Extracted records
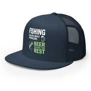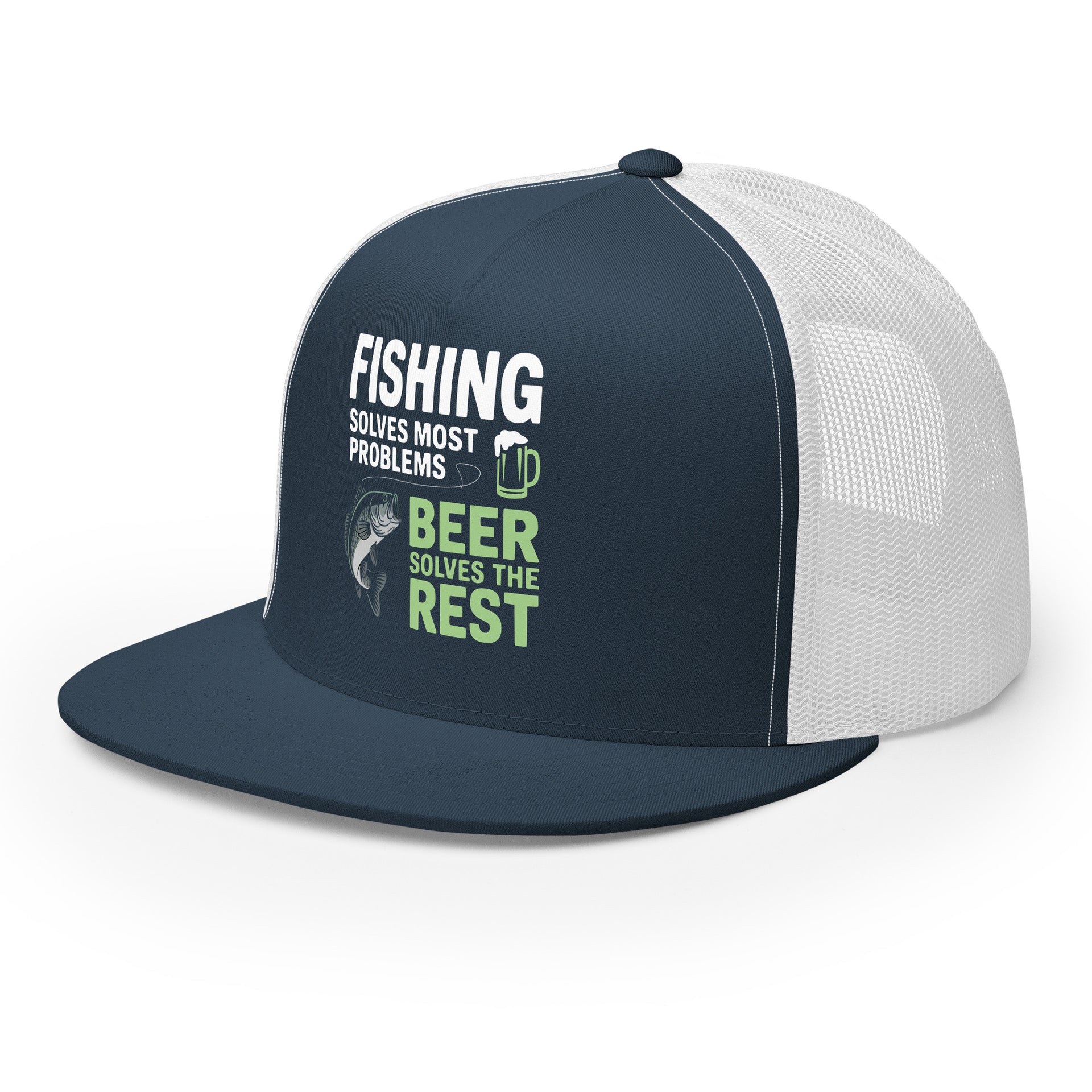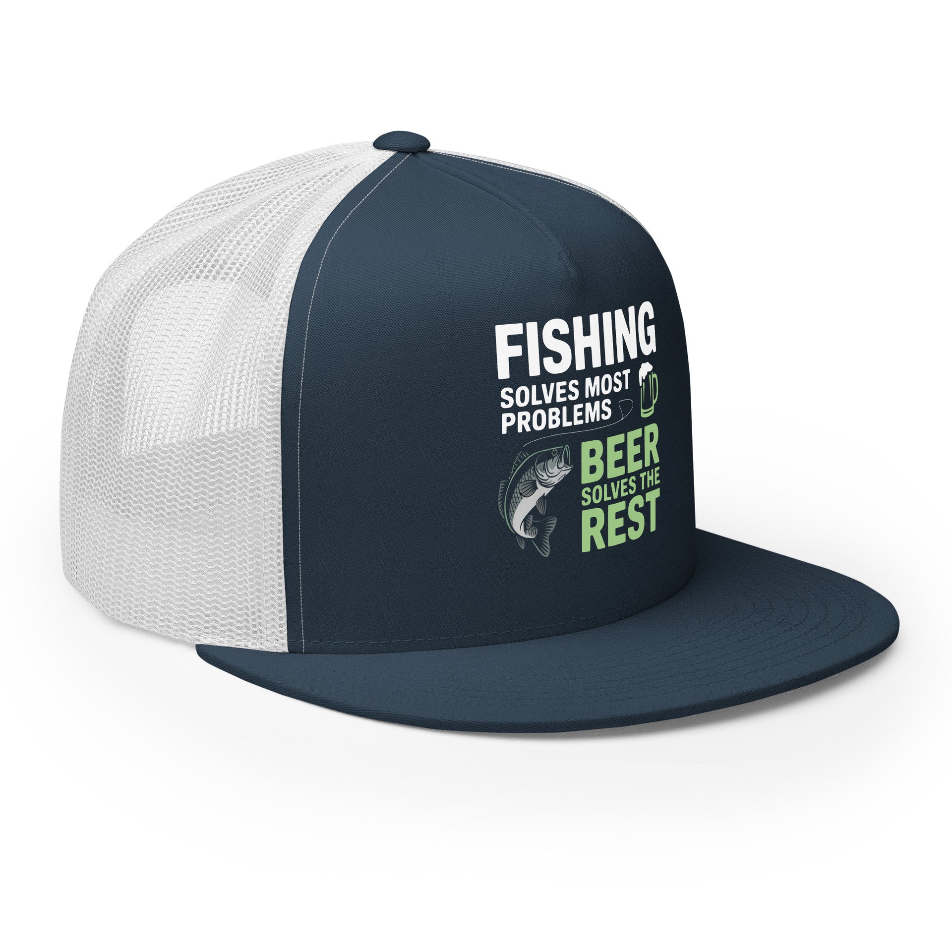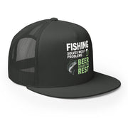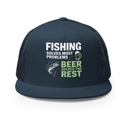 Flat Bill Fishing Hat – Fishing Solves Most Problems Beer Solves the Rest – Funny Trucker Hat for Men – Lake Life Hat – Father's Day Fishing Gift
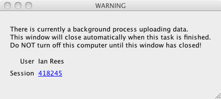 The “End” button to the right of the “Session” timer will end your session and mark it as completed in the database. Any files that are currently queued for upload will continue to upload in the background as long as the machine is online. A warning dialog will be displayed to other microscope users to indicate this status. It will automatically close out and exit once the upload queue is finished.
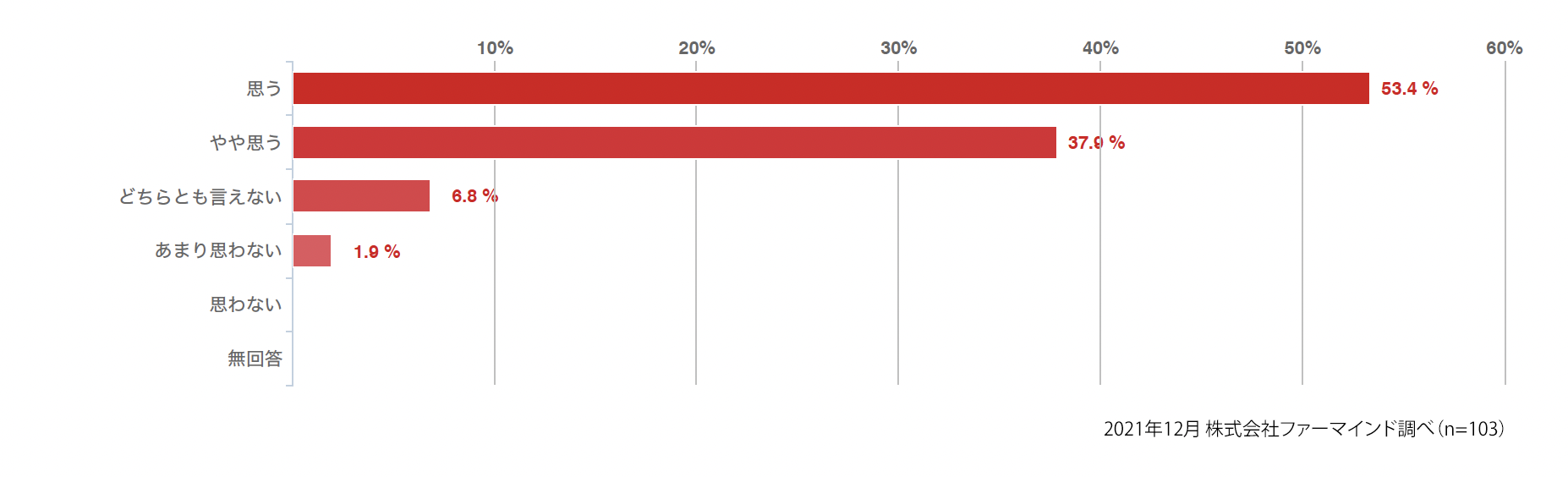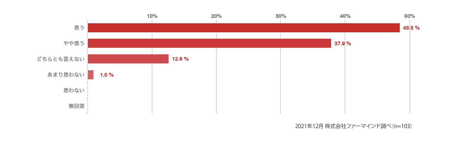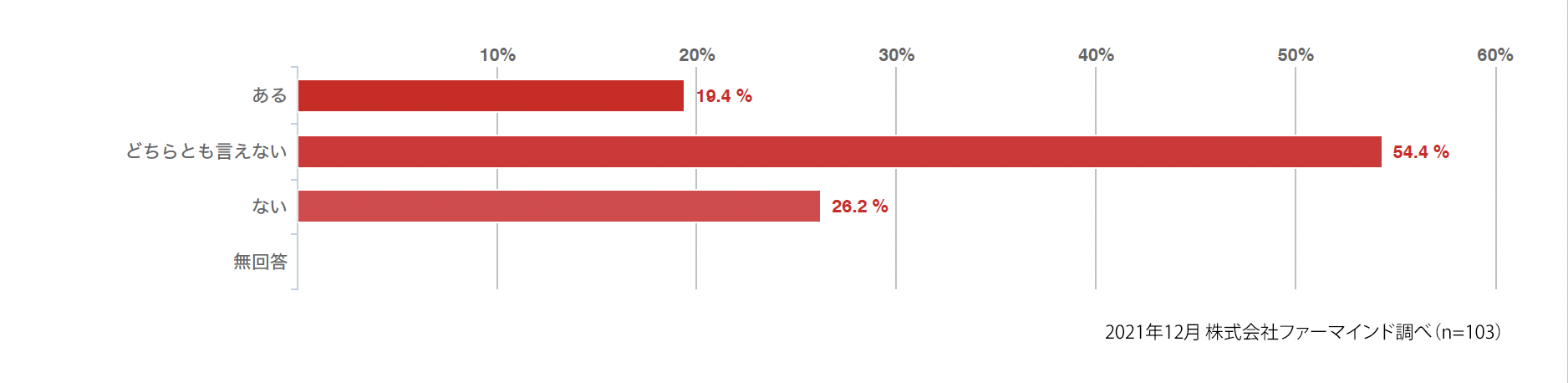 どちらとも言えない・十分にないが8割。コロナ前に比べ野菜のメニューは増えたものの、レパートリーが十分あるわけではないようです。
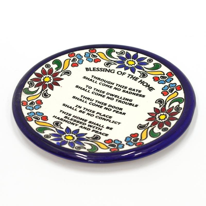This stunning ceramic flat plate is hand painted in vibrant colors and features a blessing for the home surrounded by a beautiful floral design. It is ideal used as a cake or sandwich plate and is both robust for every day use yet ornamental for display too and can be hung on the wall.
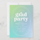 Moderne Graduiertenparty mit einzigartigem geometrischem Rahmen mit limigem, türkisfarbenem und blauem Gradientenhintergrund. Das "Grad Party" wird in fett gedruckter, weißer Schrift mit dem Namen des Absolventen und den Party-Details, die unten gezeigt werden, angezeigt. Die trendy Abschlussfeier lädt sowohl für Absolventen der Highschool als auch für Unis zum Verweilen ein.
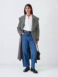 John Lewis Monochrome Stripe Wool Blend Belted Coat, Black/White, Black/White

- Task item -
Retype the lines exactly as they appear, beginning with the line that contains "This stunning ceramic" and ending with the final line of the entries, and omit the pictures.

- Solved problem -
This stunning ceramic flat plate is hand painted in vibrant colors and features a blessing for the home surrounded by a beautiful floral design. It is ideal used as a cake or sandwich plate and is both robust for every day use yet ornamental for display too and can be hung on the wall.
 Moderne Graduiertenparty mit einzigartigem geometrischem Rahmen mit limigem, türkisfarbenem und blauem Gradientenhintergrund. Das "Grad Party" wird in fett gedruckter, weißer Schrift mit dem Namen des Absolventen und den Party-Details, die unten gezeigt werden, angezeigt. Die trendy Abschlussfeier lädt sowohl für Absolventen der Highschool als auch für Unis zum Verweilen ein.
 John Lewis Monochrome Stripe Wool Blend Belted Coat, Black/White, Black/White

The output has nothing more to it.